Амнезиаскоп - Стив Эриксон
Шрифт:
Интервал:
Закладка:
– У меня не было и тени сомнения, – сказала Джаспер, – что мне больше хотелось чувствовать руки и член совершенно незнакомого мужчины, чем мертвое сердце Руди – хотя бы всего на одну минуту. Когда я вскрикивала, я чувствовала, как он возбуждается. Он был скотиной, конечно, – я поняла это еще из его израненного голоса по телефону. Но, знаете, когда сердце разбито, а мечта улетучилась, так восхитительно чувствовать свое уничтожение. Все, чего мне на самом деле хотелось, – это почувствовать, правда ли его оргазм так же устрашающ, как по телефону.
– И как? – сказала Вив.
– Нет.
– Откуда ты знаешь, – сказал я, судорожно сглотнув, – что это был один и тот же человек?
В первый раз за все время, что я ее знал, Джаспер показалась мне совершенно сбитой с толку:
– Что?
– Что это был тот же человек, с которым ты говорила по телефону.
– Что ты имеешь в виду? – сказала она. На лице Вив тоже было непонимание.
– Откуда ты знаешь, что мужчина, который пришел в номер, был тем же человеком, что и по телефону?
– Откуда я знаю, что это был тот же человек?
Этот вопрос почти привел ее в ярость.
– Забудь.
– Это очень странный вопрос, – сказала она в расстройстве.
– Да, – сказала Вив, глядя на меня, – это очень странный вопрос.
– Как это мог не быть тот же самый мужчина? – спросила Джаспер.
И она, и Вив глядели на меня в ожидании осмысленного ответа.
– Ну... ведь было темно, – только и нашелся я, что ответить.
– Но он, должно быть, сказал что-то, – повернулась Вив к Джаспер. – Потом.
– Он так ничего и не сказал, – ответила Джаспер в полной растерянности. – Он кончил, я встала и оделась в темноте, и оставила его там.
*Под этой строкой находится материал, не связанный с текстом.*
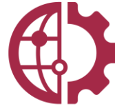
Technologie, logiciels et interfaces
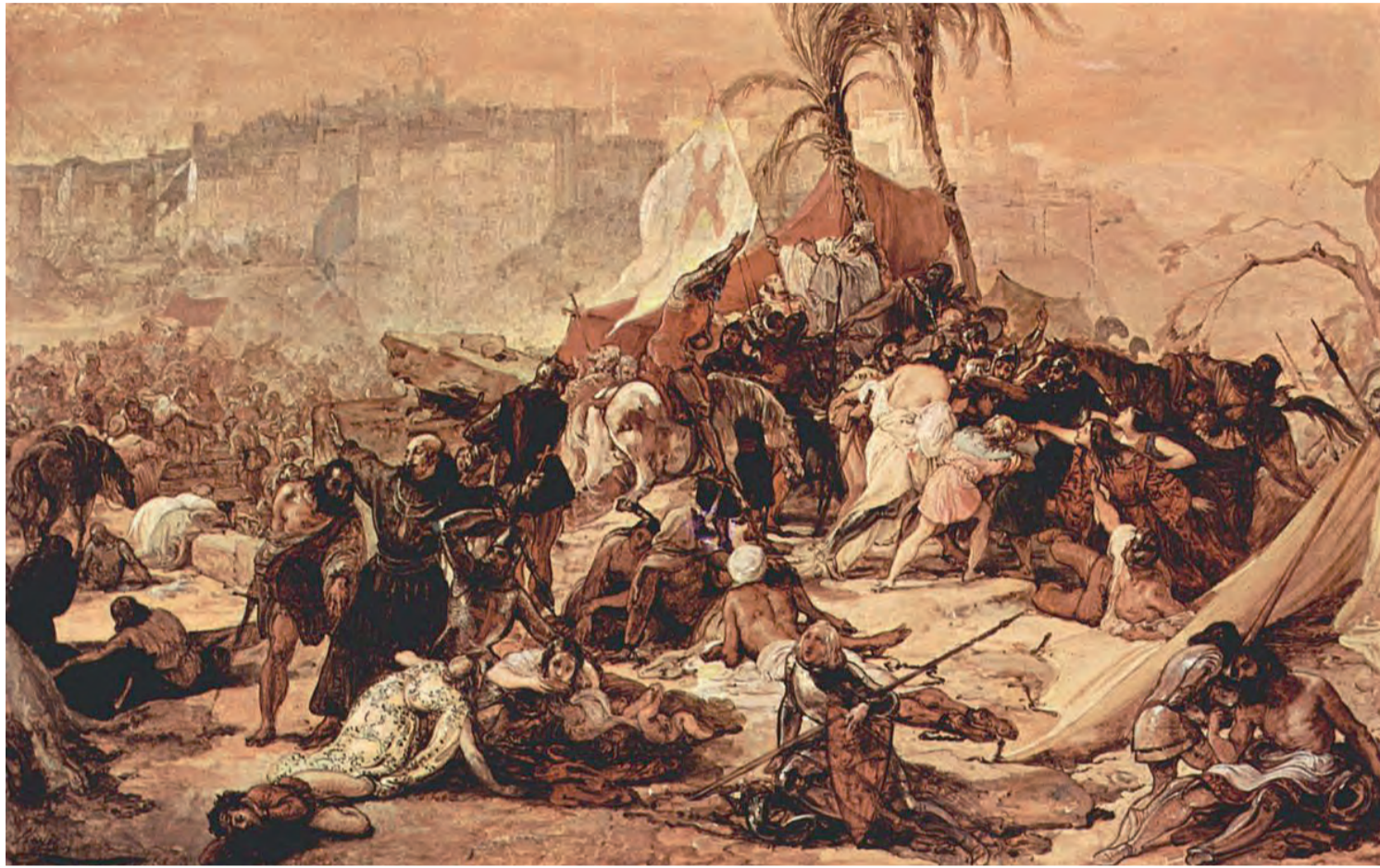
De zevende kruistocht tegen Jeruzalem, geschilderd door Francesco Hayez (1791–1882).

Als dit het hele verhaal zou zijn, als Duisenberg als persoon het enige probleem was, dan hadden we eenvoudigweg te maken met één bestuurder en één legitimatieprobleem. Dat probleem is er aantoonbaar: de studentenraad van de UvA riep haar universiteit op om uit de VSNU te stappen als Duisenberg voorzitter wordt. Een petitie die om het aftreden van Duisenberg vraagt, was bij het ter

– И так ты его и не увидела, – сказала Вив.
– Нет. Я попробовала позвонить ему на следующий вечер, и... никто не ответил. И тогда я позвонила на следующий вечер, и опять на следующий вечер. И я больше никогда с ним не говорила.
Мы замолчали. Сидели в темноте, уставившись в окна, где далекое пламя начало перетекать в темный туман, который ветер приносит с моря каждый вечер, окрашивая небо красным. Синий свет в комнате и в бассейне, где покачивалась брошенная батисфера, смешался с красным, превращая ночь в вино; глядя из дома на окна и зеркала, сидя в этом низком заглубленном кресле, я утратил всякое ощущение того, что где-то там существует город. Закрыв глаза, я подумал о Берлине. Я не думал о Берлине долгое время и теперь пытался вспомнить, сколько времени прошло с тех пор, как я там был: было ли это прямо перед тем, как умер мой отец, или же прямо после моей свадьбы? Было ли это сразу после того, как все закончилось с Салли, или прямо перед тем, как я начал работать в газете? Я жил в маленьком отеле на Савиньи-плац и каждый вечер ждал в своем номере телефонного звонка, который так шокировал меня в первый раз, поскольку я не знал никого в этом городе, и никто в городе не знал меня. Теперь, лежа на диване в доме Джаспер, я пытался вспомнить, зачем я вообще поехал в Берлин, и все, что я мог придумать, это что я поехал туда ради того, собственно, что там случилось, дабы та часть моего сознания, которая стала для меня невыносимой, могла умереть там без свидетелей. Я поехал в Берлин, потому что это было дальше всего на восток от Лос-Анджелеса, куда я успел забраться, прежде чем новое тысячелетие не прикатилось с ревом по автобану...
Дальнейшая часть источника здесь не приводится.